En 2011, le Wall Street journal avait rendu un verdict implacable: « les mères chinoises sont supérieures». L’article faisait référence à Amy Chua, diplômée de Harvard et professeur de droit à Yale, et auteur du très polémique «Battle Hymn of the Tiger Mother». Dans ce livre, cette mère de famille sino-américaine auto-proclamée «Mère tigre» décrivait l’éducation à la dure qu’elle donnait à ses deux filles: interdiction de jouer ou dormir chez un ami, interdiction de regarder la télévision ou de jouer sur l’ordinateur, traiter les enfants de «déchet» en cas de mauvaise note... Pour Amy Chua et le Wall Street journal, ce mode d’éducation garantissait la réussite scolaire des enfants. La preuve: la petite Sophia Chua lisait Sartre à 3 ans.
Réputées peu autoritaires, les mères occidentales et surtout européennes étaient censées en prendre de la graine. Raté. Les mères en question avaient surtout été horrifiées par la violence de ce modèle éducatif. Toujours dans le WSJ, Ayelet Waldman avait publié une «défense de la coupable, ambivalente, et préoccupée mère occidentale».
Trois après cette vive polémique, le combat entre Amy Chua et Ayelet Waldman est ressuscité par une étude à la méthodologie discutable.
Deux chercheurs de l’université de Stanford viennent de publier une étude sur l’efficacité respective de l’éducation à la dure et de l’éducation permissive.
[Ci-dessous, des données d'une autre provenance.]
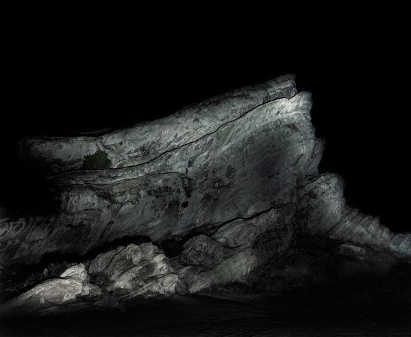 ROCK SAFARI is a large format analog study of rock outcroppings illuminated by a high-powered, long-range flashlight. These formations are selectively painted with light during exposures on 4x5 color negative that range from 8 to 45 minutes.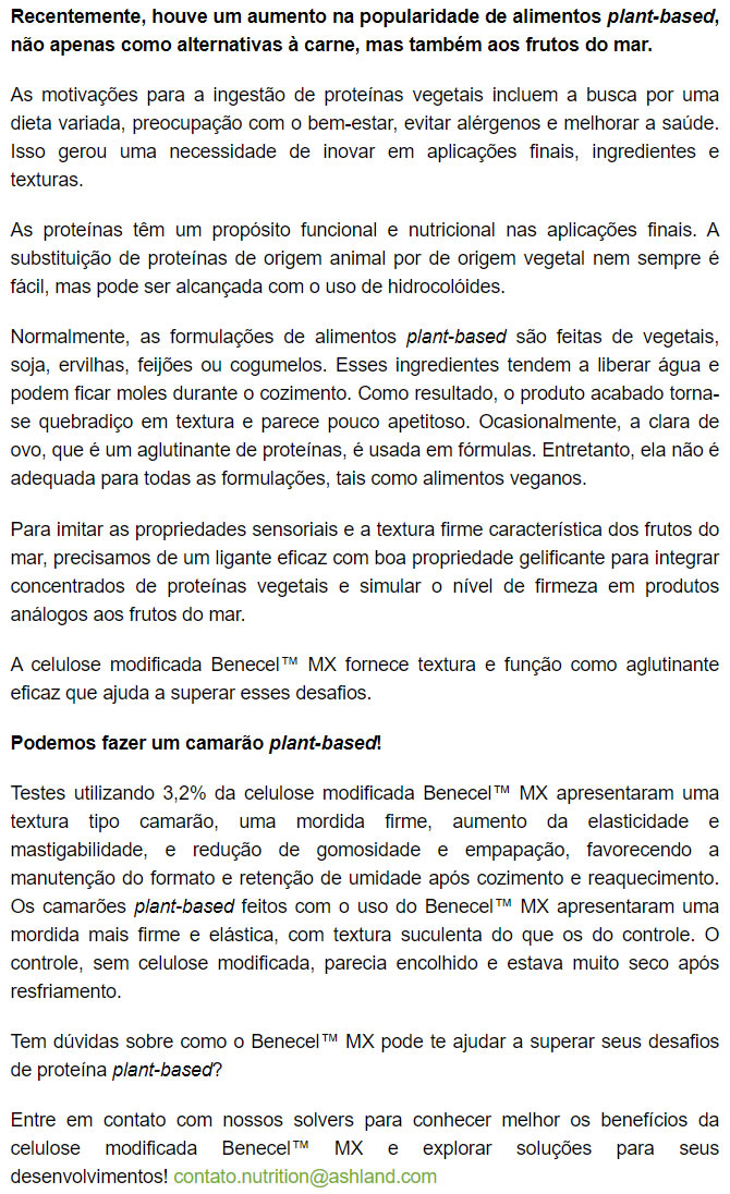 Camarão plant-based: a celulose modificada Benecel™ MX ajuda a superar esse desafio!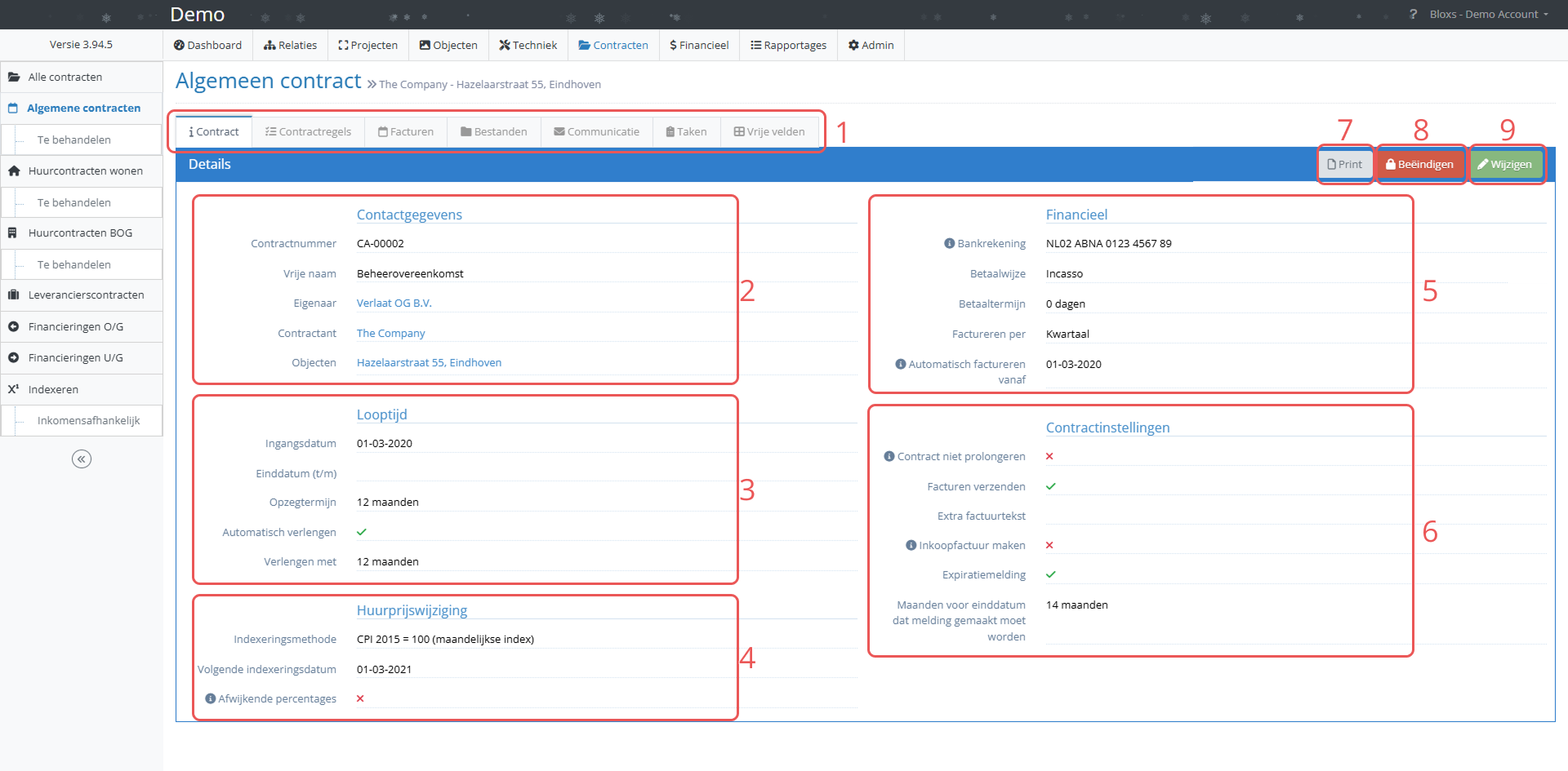 Hier staan de de ingangsdatum, einddatum en opzegtermijn. Daarnaast staat aangegeven of het contract automatisch verlengd moeten worden en wat de verlengingstermijn is.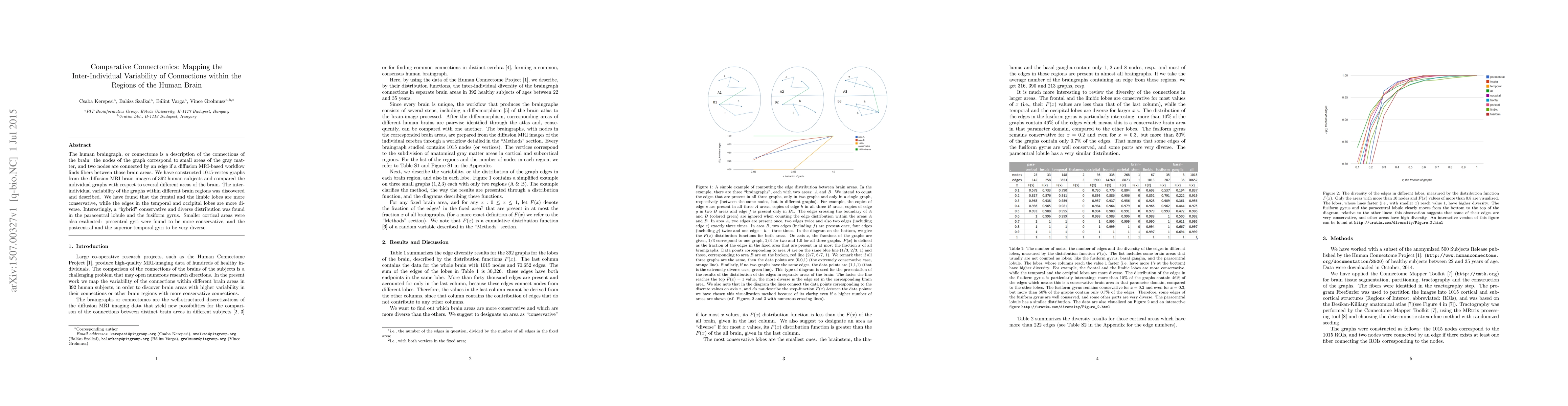 The human braingraph, or connectome is a description of the connections of the brain: the nodes of the graph correspond to small areas of the gray matter, and two nodes are connected by an edge if a diffusion MRI-based workflow finds fibers between those brain areas. We have constructed 1015-vertex graphs from the diffusion MRI brain images of 395 human subjects and compared the individual graphs with respect to several different areas of the brain. The inter-individual variability of the graphs within different brain regions was discovered and described. We have found that the frontal and the limbic lobes are more conservative, while the edges in the temporal and occipital lobes are more diverse. Interestingly, a "hybrid" conservative and diverse distribution was found in the paracentral lobule and the fusiform gyrus. Smaller cortical areas were also evaluated: precentral gyri were found to be more conservative, and the postcentral and the superior temporal gyri to be very diverse.

L’étude conclut que les deux styles peuvent l’un et l’autre être efficaces, mais tout dépend du rapport de l’enfant à sa mère.
L'efficacité en question est mesurée en termes de performances cognitives et de combativité, tandis que le rapport à la mère est analysé à travers les mots employés par l’enfant pour la décrire.
Les chercheurs ont demandé à 117 étudiants du secondaire de résoudre une énigme extrêmement compliquée puis leur ont demandé de décrire leurs mères. Après avoir donné leur description, les élèves ont été invités à résoudre une autre énigme.
Or, lorsque les étudiants américains d'origine asiatique ont pensé à leur mère, ils ont montré plus de motivation après avoir échoué à la première énigme. Les étudiants américano-européennes eux ont montré moins de motivation après avoir évoqué leurs mères.
Mais c’est surtout la manière dont les élèves ont parlé de leur mère qui ont suscité l’intérêt des chercheurs: quand ils parlent de leur mamans, les élèves sino-américains étaient plus enclins à parler de leur relation que des qualités personnelles de leurs mères. Ils ont également décrit l’implication de leur mère dans leur vie comme positive.
Nul ne s'est demandé s'il était possible d'être
à la fois cool
et autoritaire
A l’inverse, quand ils doivent parler de leur mère, les élèves d’origine européenne ne disent rien de la qualité de leur rapports mais se contentent de décrire sa personnalité. Ils affirment également voir toute intrusion de leur mère comme un manque de confiance et non comme une source de motivation.
Et c’est ce qui permet aux chercheurs de conclure que ça n’est pas tant le modèle éducatif qui compte, mais la manière dont la mère explique ses choix à l’enfant qui compte. Si une mère réussit à convaincre son enfant que sa réussite résulte d’un projet individuel, l’enfant apprendra à se motiver tout seul.
Si à l’inverse une mère tigre explique à sa progéniture qu’une mère intrusive est bon pour lui, il fera avec et s’adaptera.
En bref, peu importe l’éducation, tout est dans la manière dont on va refourguer notre projet éducatif à l’enfant. A ce stade, il faut préciser que les chercheurs n’ont pas cherché à savoir si les mères occidentales ont donné une éducation stricte, ou si les mères chinoises ont opté pour un éducation cool. Tant pis pour les stéréotypes.
Nul ne s’est non plus demandé s’il était possible d’être à la fois cool et autoritaire en fonction des enjeux et selon les jours.
Il convient également de constater que comme souvent une éducation réussie n’est évaluée qu’à travers le prisme de la réussite scolaire ou de la capacité de l’enfant à réussir une épreuve intellectuelle. Jamais ici, le bien-être ou l’équilibre ne sont considérés comme des indicateurs valables d’une bonne éducation.
Notons également que comme dans bien des études, le père n’est ni interrogé ni même mentionné dans le rôle qu’il peut jouer sur ses propres enfants. Voilà comment une étude censé apaiser les tensions entre deux types éducatifs entérine encore davantage les clichés : déterminisme culturel, mères surpuissantes et pères absents.